Data block:
================================

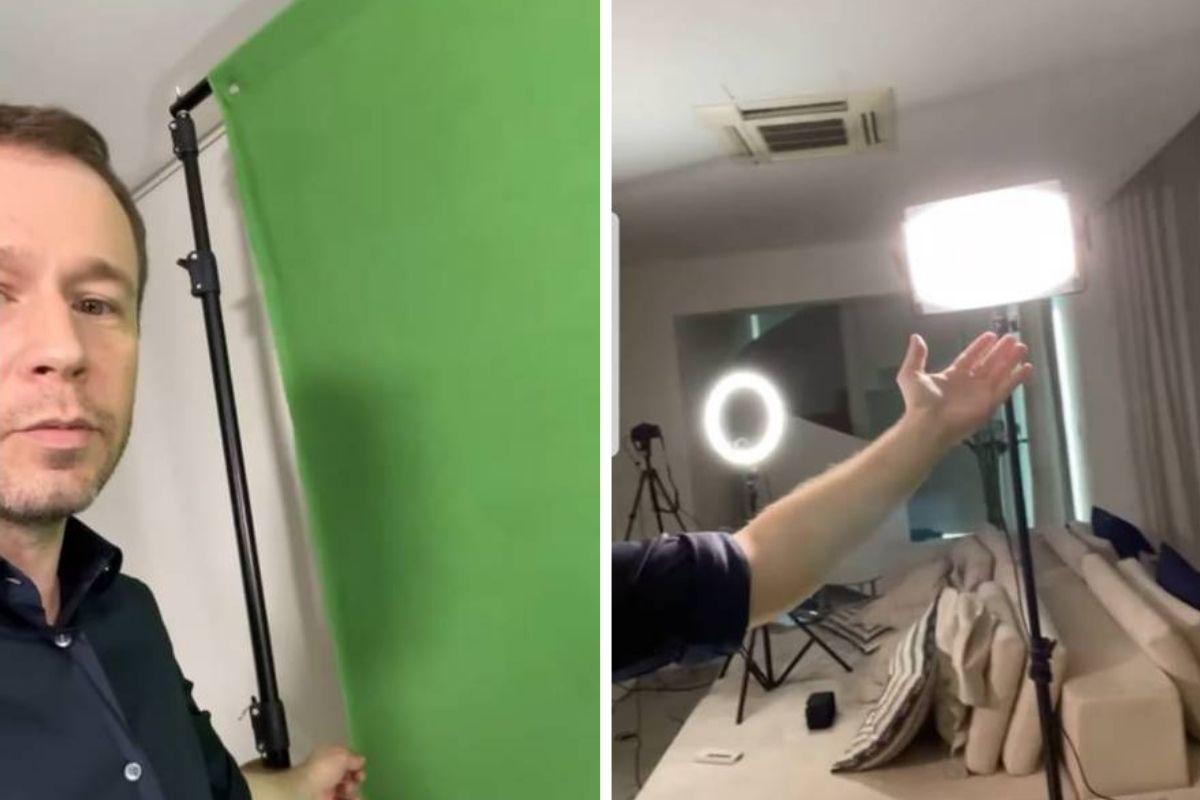 Motivado pela pandemia da Covid-19, o jornalista optou por fazer alguns dos trabalhos de maneira remota. Thiago filmou a tela verde que colocou em uma das paredes para usar como chroma key, técnica usada para projetar imagens, a nova câmera e as luzes especiais do ambiente.
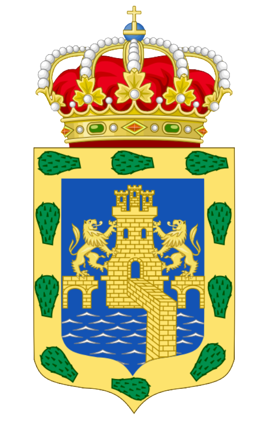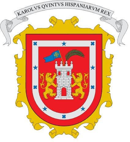 Mérida. Por cédula real de 8 de agosto de 1618 en el Monasterio de San Lorenzo el Real, Felipe III de España otorga Privilegio de Armas a Mérida de Yucatán de las Indias, “en premio a su fidelidad y buenos servicios”. «Un escudo partido, verticalmente de arriba abajo, en dos cuarteles iguales. El primero (izquierda) en campo (azul) ostenta un castillo de oro, y el segundo (derecha) un león rampante de oro en campo de sinople (verde). El escudo va timbrado, rematado en su cúspide, con corona real abierta»
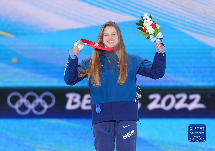 2月6日,亚军美国选手茱莉亚·马里诺在北京2022年冬奥会单板滑雪女子坡面障碍技巧奖牌颁发仪式上。新华社记者彭子洋摄
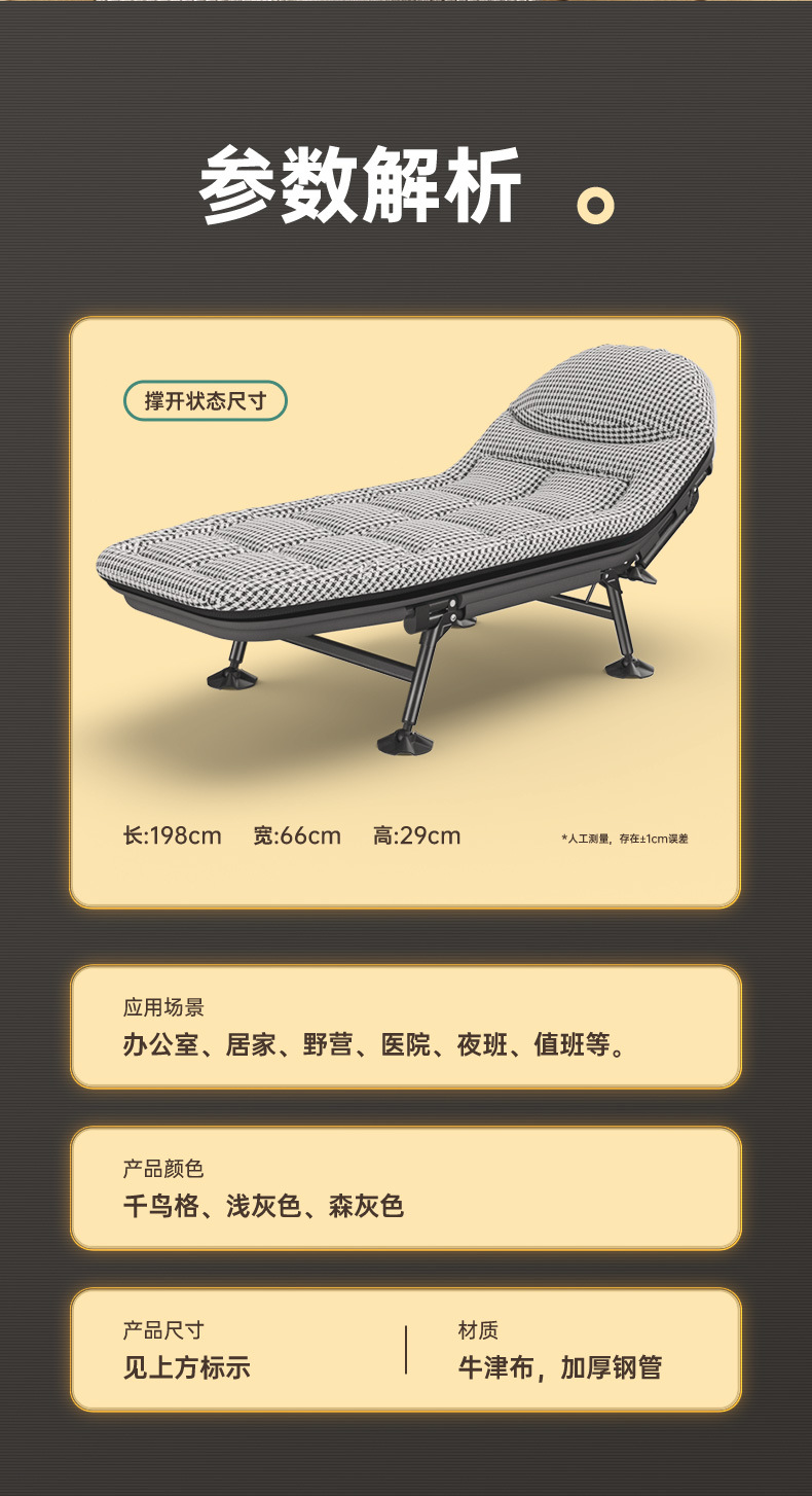 야외용 점심시간 접이식 침대, 심플하고 휴대성이 뛰어난 사무실 캠프 침대, 다기능 안락의자, 동반 침대, 낮잠스토어 가기

================================

What you need to do:
Please copy the data shown above precisely, leaving the images out.

Answer area:
 Motivado pela pandemia da Covid-19, o jornalista optou por fazer alguns dos trabalhos de maneira remota. Thiago filmou a tela verde que colocou em uma das paredes para usar como chroma key, técnica usada para projetar imagens, a nova câmera e as luzes especiais do ambiente.
 Mérida. Por cédula real de 8 de agosto de 1618 en el Monasterio de San Lorenzo el Real, Felipe III de España otorga Privilegio de Armas a Mérida de Yucatán de las Indias, “en premio a su fidelidad y buenos servicios”. «Un escudo partido, verticalmente de arriba abajo, en dos cuarteles iguales. El primero (izquierda) en campo (azul) ostenta un castillo de oro, y el segundo (derecha) un león rampante de oro en campo de sinople (verde). El escudo va timbrado, rematado en su cúspide, con corona real abierta»
 2月6日,亚军美国选手茱莉亚·马里诺在北京2022年冬奥会单板滑雪女子坡面障碍技巧奖牌颁发仪式上。新华社记者彭子洋摄
 야외용 점심시간 접이식 침대, 심플하고 휴대성이 뛰어난 사무실 캠프 침대, 다기능 안락의자, 동반 침대, 낮잠스토어 가기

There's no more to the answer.